Hon’ble ITAT held that mere disallowance of depreciation in question would not lead to imposition of onerous penalty under Section 271(1)(c) of the Act, more particularly where the quantum disallowance of depreciation itself is highly debatable in view of the undisputed facts of beneficial ownership by the assessee-company. The order of the CIT(A) confirming penalty on this score is accordingly set aside and the penalty imposed by the Assessing Officer on this score stands cancelled.
Goods and Services Tax Law Updates:
AAR/Case Laws/Judgement:
The Hon’ble CESTAT held that no service tax is payable on the services rendered by the Rajasthan Co-operative Dairy Federation (RCDF) to its milk unions members. The nature of relationship between the appellant and the milk unions continues to that of the club to its members. Therefore, no service tax is payable on the services rendered by the appellant to the milk unions.
In Re: Baranj Coal Mines Private Limited [MAHARASHTRA-AAR GST] Dated 04-05-2022
Hon’ble AAR Maharastra pronounced the ruling that the activity of developing and operating the Mine & excavating coal & delivering to Karnataka Power Corporation Limited for generation of power is supply of service and Will be chargeable @ 18% as Support Services to Mining under Heading 9986.
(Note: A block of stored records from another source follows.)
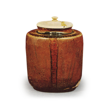 这是遵循茶道主流的茶入,是绍鹭遗爱之品,以鸿池传世而闻名。端庄的造型,让人联想到泰然自若地端坐着的贵公子。釉色整体呈现出鲜明的变化,三道釉色在器形上流淌汇聚,露水停驻的景象也颇具趣味。腰部低处釉色脱落形成圆润的装饰,堪称赏美之作。
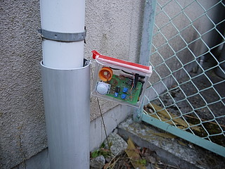 取っ手を雨水管のパイプに引っかけるようにした。
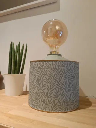 Preciosa lámpara de mesa con un diseño moderno y elegante. Aporta un toque acogedor a cualquier estancia. - Estructura de madera en la base. - Pantalla de tela con acabado en hilo. Va con pilas
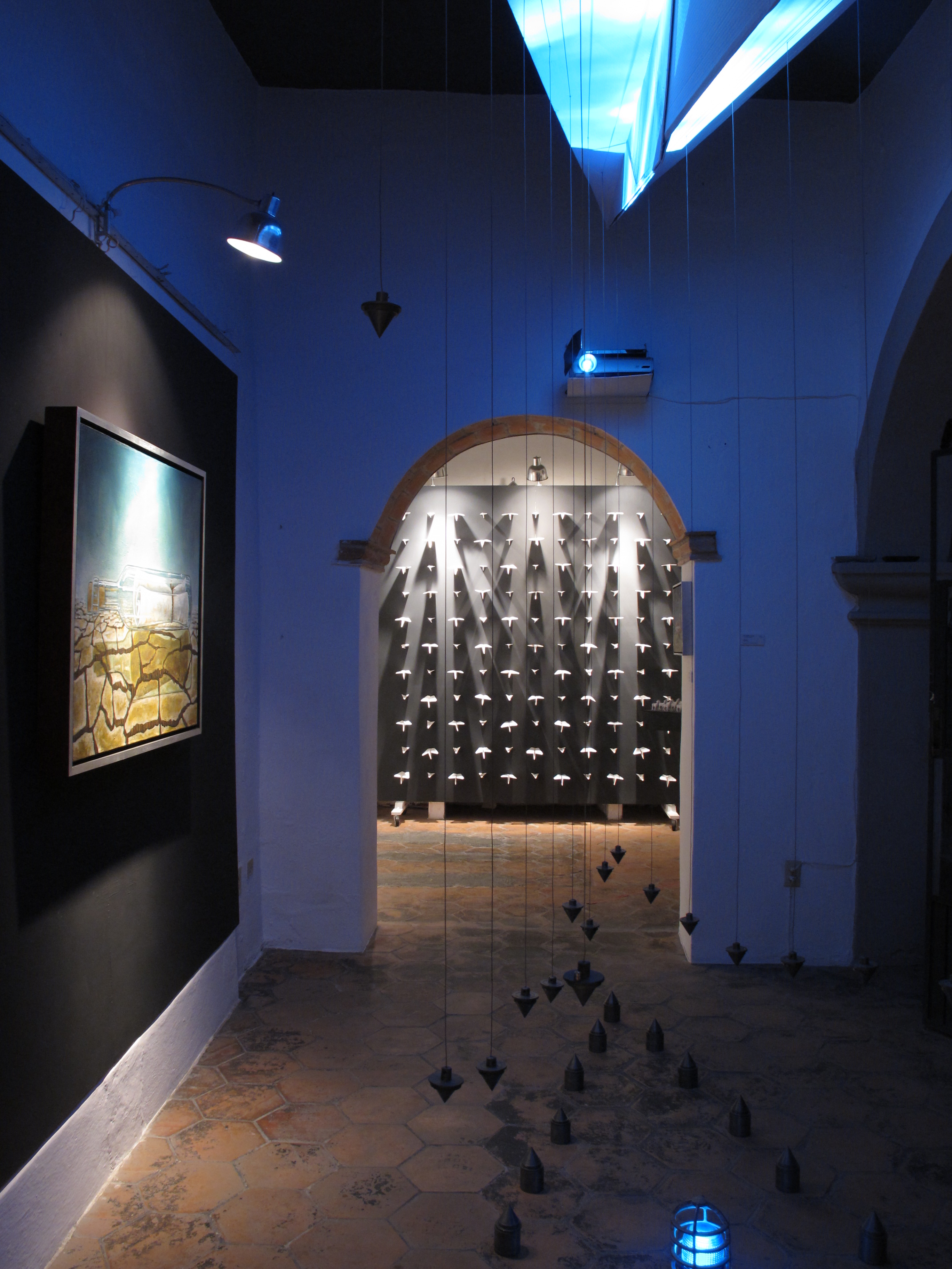 The creative process begins with the collection of old, discarded objects, which suggest coincidental encounters where careful selection, along with impeccable restoration work and the force of electro-mechanical gadgetry, show an interest in creating a complete visual ambient. The paintings suspended at a distance from the walls, transcend the order imposed by the walls themselves. As such, they express distinct aspects of urban nature, as in the artists’ previous exhibit Adonde nos Lleva el Tren in which he used a palate of yellows, blues, grays and reds. A desert in which violence adheres to metal. Bad timing is measured with the light that defines the limits between earth and sky., the minimum space marking the horizon.
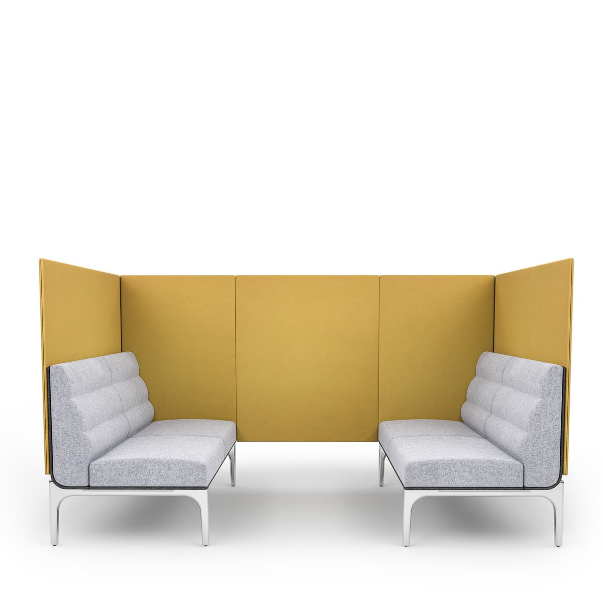 Combining the comfort of a lounge chair with partitions for privacy, this Acoustic Furniture design provides a welcome and quiet space to sit, work and focus. Seating and panel elements can be configured together to create stand-alone modules, clusters of single-user spaces, or expand into multi-user settings for various meeting requirements. Wherever personal or private space is needed within open environments, this Acoustic Lounge Furniture series has it covered.
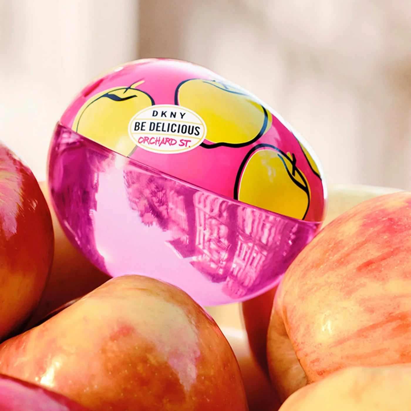 Donna Karan Be Delicious Orchard St. EDP smells fruity and floral, featuring sweet notes of apple, pink grapefruit, and raspberry, capturing a fun and lively essence.
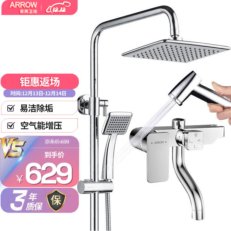箭牌(ARROW)淋浴花洒套装淋浴花洒喷头沐浴增压喷枪手持花洒套装AE3431MS-P1价格:629.00元!
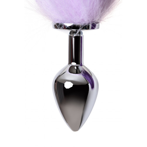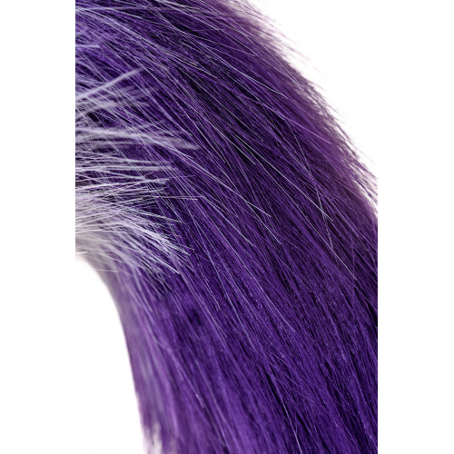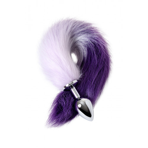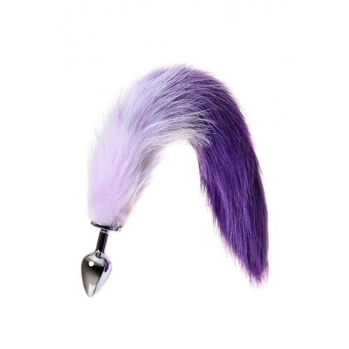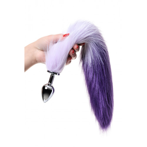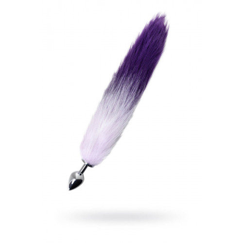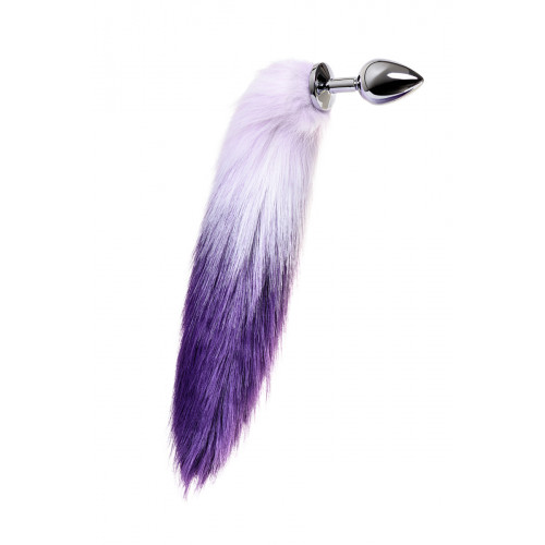 Анальна втулка Metal By Toyfa з біло-фіолетовим хвостом, метал, сріблястий, 45 см, ø 3,3 см

The Hon’ble High court held that GST ITC cannot be denied on Genuine Transactions with suppliers whose GST registration was cancelled after the transaction. The HC held that if it is found upon verification and considering the relevant documents that all the purchases and transactions in question are genuine and supported by valid documents and transactions in question were made before the cancellation of registration of those suppliers and after taking into consideration as to whether facts of the petitioners are similar to the judgements of the Supreme Court and various High Courts and of this Court upon which petitioners intend to rely and if it is found similar to the present case in that event the petitioners shall be given the benefit of input tax credit in question.